Maybe I'm doing things wrong, but I assume this tool is meant to focus on cognetive complexity and not things like code quality, transpiling or performance, but if that's true then why does this:

(score is 7) function get_first_user(data) { first_user = data[0]; return first_user; }

Score better than this:

(score is 8) function get_first_user(data: User[]): Result<User> { first_user = data[0]; return first_user; }

I mean, I know that the type annotations is what gives the lower score, but I would argue that the latter has the lower cognetive complexity.

discuss

order

uallo|4 months ago

I get the same overall FTA score of 7 for both of your examples. When omitting the return type (which can be inferred), you get the exact same scores. Not just the same FTA score. Also note that `Return<User>` should be just `User` if you prefer to specify the return type explicitly. That change will improve several of the scores as well.

whilenot-dev|4 months ago

> Also note that `Return<User>` should be just `User` if you prefer to specify the return type explicitly.

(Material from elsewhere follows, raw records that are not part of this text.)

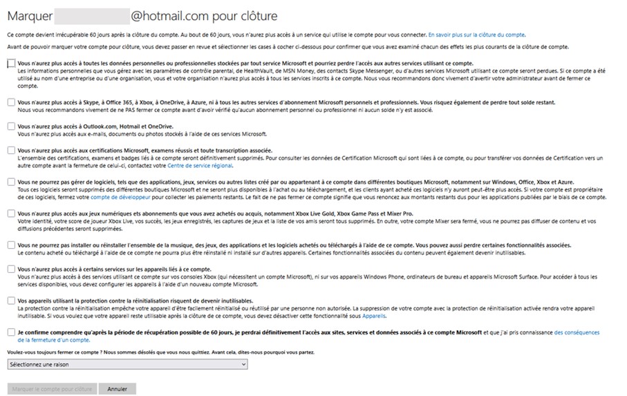 Pour clôturer votre compte Microsoft et ainsi les données de votre ancien compte Skype, suivez ces étapes :
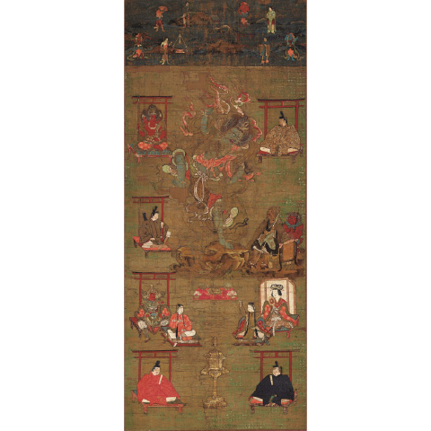 Seated Portrait of En no Gyōja with Two Seated Demons (Zenki and Goki)
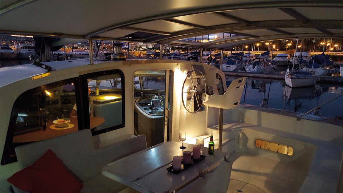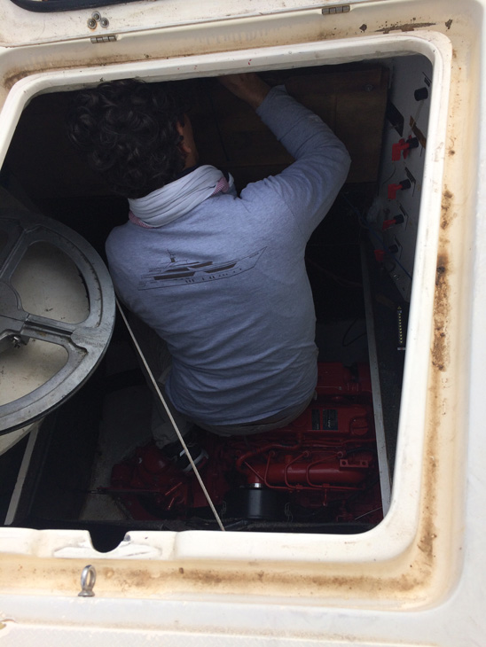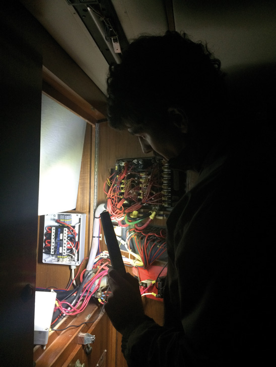 Nous avons fait la route d’un trait le vendredi soir, et avons attaqué la préparation dès le lendemain matin. J’avais une boule au ventre pendant tout le trajet ; un mélange d’appréhension et d’excitation qui ne s’est guère arrangé une fois à bord. Une des cabines était remplie à ras-bord d’effets personnels, moisis pour la plupart, que nous avons sortis et étalés avec soin sur les trampolines pour qu’ils sèchent à l’air libre, avant de les ranger correctement dans le carré. Dans cette cabine, nous soupçonnions déjà un problème d’humidité – peut-être de la condensation, ou une petite voie d’eau ? Nos craintes se sont confirmées, et l’importance d’une expertise indépendante aussi. Une fois la voie libre, j’ai commencé à isoler les lampes murales, et à enlever les panneaux qui permettaient d’accéder aux réservoirs de gasoil ; la conception des Lagoon 47 est telle que cet accès ne peut se faire que par les cabines arrière, car les réservoirs se trouvent enfermés sans trappe sous le cockpit.
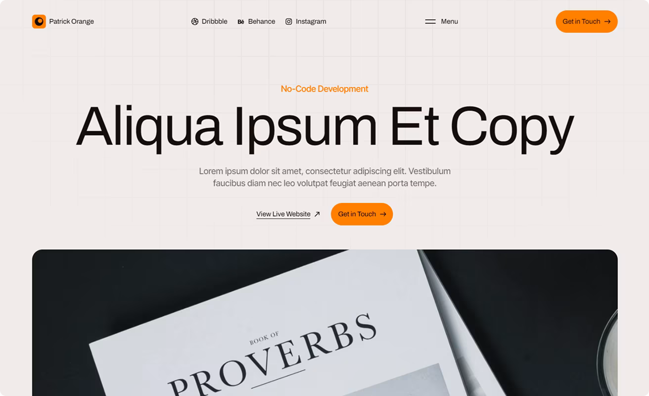 Discover our minimalist, clean, and elegant Webflow personal portfolio template - Orange.
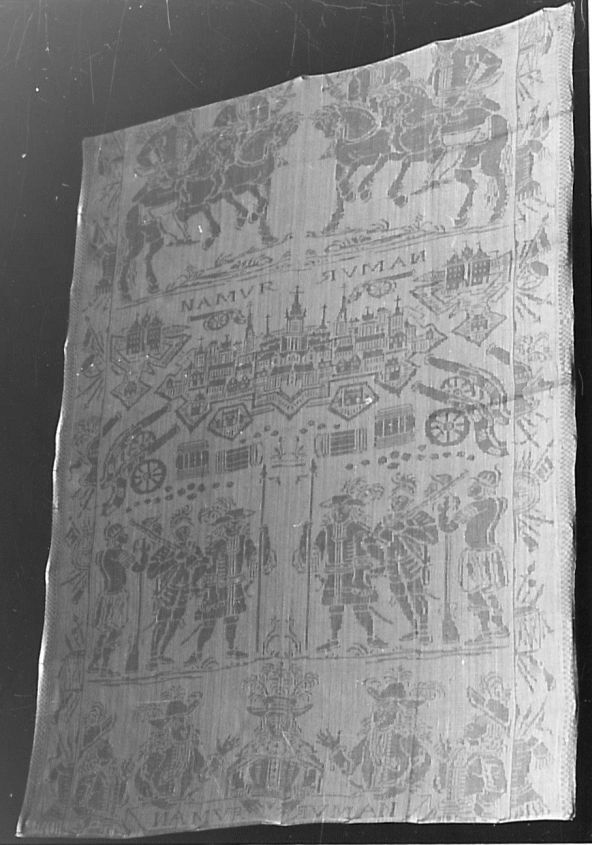 Servet van wit linnen damast met ingeweven de verovering van Namen door Stadhouder Willem III Koning van Engeland en Max. Emanuel, vorst van Bavaria 1695, onderdeel van groep van vier
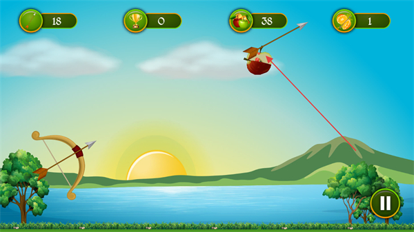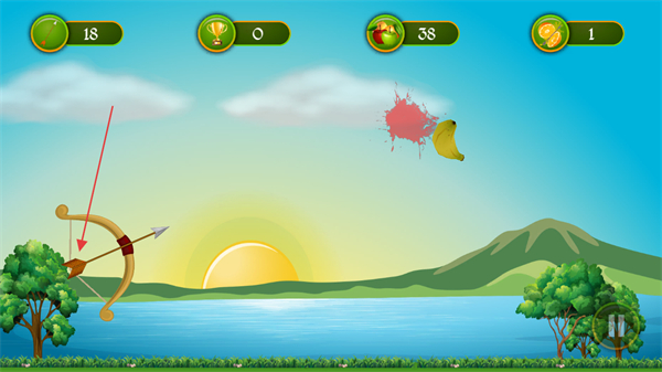 3、進入游戲游玩界面后,操控弓箭瞄準空中的水果,發(fā)射弓箭擊中水果,以此積累分數(shù)推進游戲。
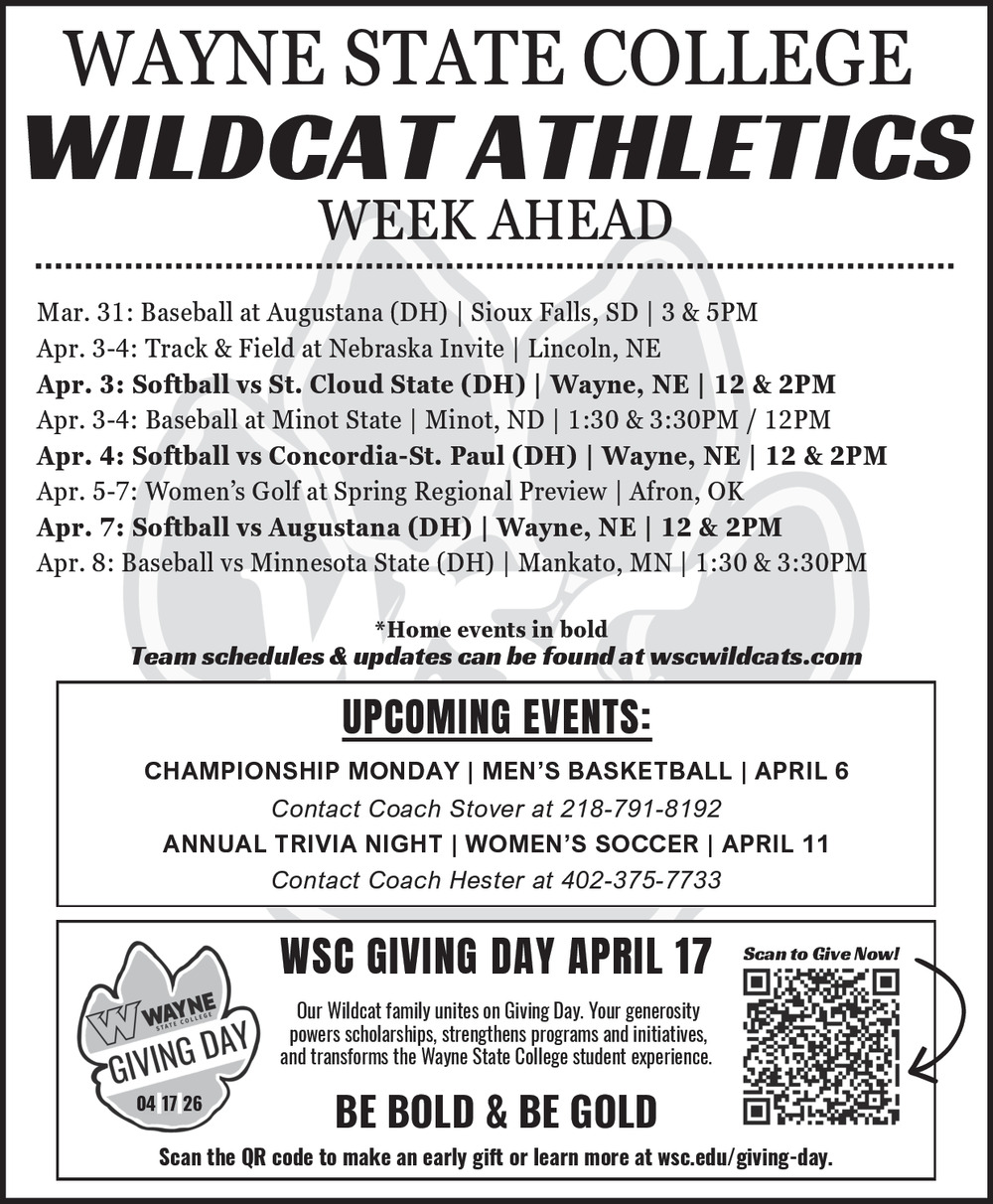 Mar 31, 2026. Wayne State College Wildcats Sporting Events Ads from The Wayne Herald
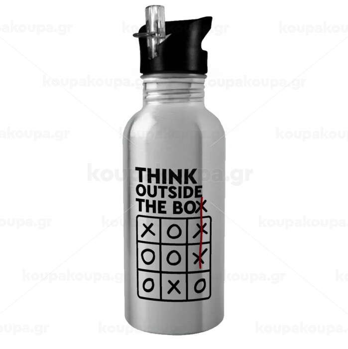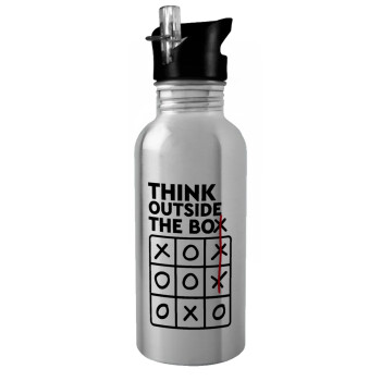 Think outside the BOX, Water bottle Silver with straw, stainless steel 600ml

No? first_user = data[0] assigns User | undefined to first_user, since the list isn't guaranteed to be non-empty. I expect Return to be implemented as type Return<T> = T | undefined, so Return<User> makes sense.

k__|4 months ago

Maybe because the type can be inferred and it potentially adds effort for changes in the future.

devjab|4 months ago

I'm not sure how you can infer types on this. Even if you input an array of users from a different function. How would we know that data[0] is a User and not undefined?

zenmac|4 months ago

Then why use TypeScript at all? Just write js and put a TS definition on top. TS is a linter anyway. Now that will make the code easier to read, and in the end it is the code that will be interpreated by the browser or whatever JS runtimes.

motorest|4 months ago

> (...) I assume this tool is meant to focus on cognetive complexity and not things like code quality, transpiling or performance (...)

I don't know about transpiling or performance, but cyclomatic complexity is associated with both cognitive complexity and code quality.

I mean, why would code quality not reflect cognitive load? What would be the point, then?